Review: Royal Ballet in Giselle at Royal Opera House

Performance: 6 Apr - 26 May 09
Reviewed by Graham Watts - Tuesday 7 April 2009

Royal Ballet 'Giselle' Royal Opera House. Photo: Bill Cooper

It’s always nice to welcome back an old friend; and they don’t come any older than Giselle. Born in 1841, this most Romantic of all ballets has been through cycles of innovation, adulation, reform and neglect over its long life. The most fundamental revisions to the choreographic structure were made at the Imperial Ballet in St Petersburg under the creative genius of Marius Petipa.

The Royal Ballet’s current production – by Peter Wright – is a direct descendant of the Russian interpretation and has been around since 1985. It now accounts for a large slice of the 525 performances of Giselle at the Royal Opera House.

All this means an unprecedented weight of history and that consequent burden of expectation pressing down on the dancers for this opening night; the quality of their response to this challenge was generally – although not universally – excellent.

The title role was especially safe in the custody of the Royal’s Argentinian ballerina, Marianela Nuñez.

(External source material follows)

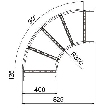 Product description90° bend, horizontal, with welded rung for all cable ladder types of 60 mm side height.
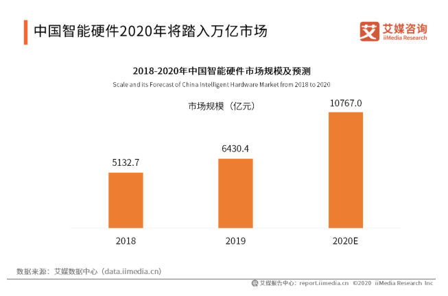 數(shù)據(jù)顯示,中國(guó)智能硬件市場(chǎng)發(fā)展較快,2020年市場(chǎng)規(guī)模預(yù)計(jì)達(dá)到10767.0億元。艾媒咨詢分析師認(rèn)為,智能制造行業(yè)發(fā)展逐漸走向成熟,依托各類基礎(chǔ)技術(shù)支撐及應(yīng)用場(chǎng)景拓展,智能硬件成為消費(fèi)重要品類。

Quite apart from her prodigious skills and determined reliability, Nuñez is a delightfully assured and charismatic performer; a gossamer thread floating delicately on steps she delivers with a technician’s accuracy. It is only in the famous “mad” scene that concludes Act I where her innate sensitivity somehow inhibits the intense mania that is triggered by her sweetheart’s duplicity. In this latter role – as the aristocratic Albrecht, who disguises himself as a commoner to woo Giselle – Carlos Acosta is initially disappointing; in the opening Act he is dramatically out-performed by Gary Avis as his love rival, Hilarion, who makes his mimed intentions clear with every simple gesture. But all is forgiven when Acosta bursts from the anodyne, almost at the end, to deliver two spectacularly smooth, dynamic virtuoso solos as the Wilis (the ghosts of jilted brides) attempt to dance him to death, by Giselle’s tomb, as dawn approaches. As the spirit of Giselle – about to join the Wilis – Nuñez is back to her finest form, defending her increasingly fragile man from beyond the grave.

Apart from the always-excellent Avis, there are other stellar performances down the cast list, with the Spanish pairing of Laura Morera and Ricardo Cervera leading a charming, rustic Pas de Six, which was generally first class. The soloist, Helen Crawford, stepped up to tackle the challenging role of Myrtha – the Queen of the Wilis – and despite some nervous wobbles and a fixed, phlegmatic expression, it was still a performance that demonstrated promise for the future.

There’s always a tendency to change things in ballet. The Royal has gone through two new productions of *Sleeping Beauty* since the Millennium and someone, somewhere within the company hierarchy is probably thinking that Wright’s Giselle is overdue a makeover. But, this is one old friend that needs no facelift; it should remain just the way it is – a definitive interpretation of the oldest love story in ballet – until at least its 200th anniversary.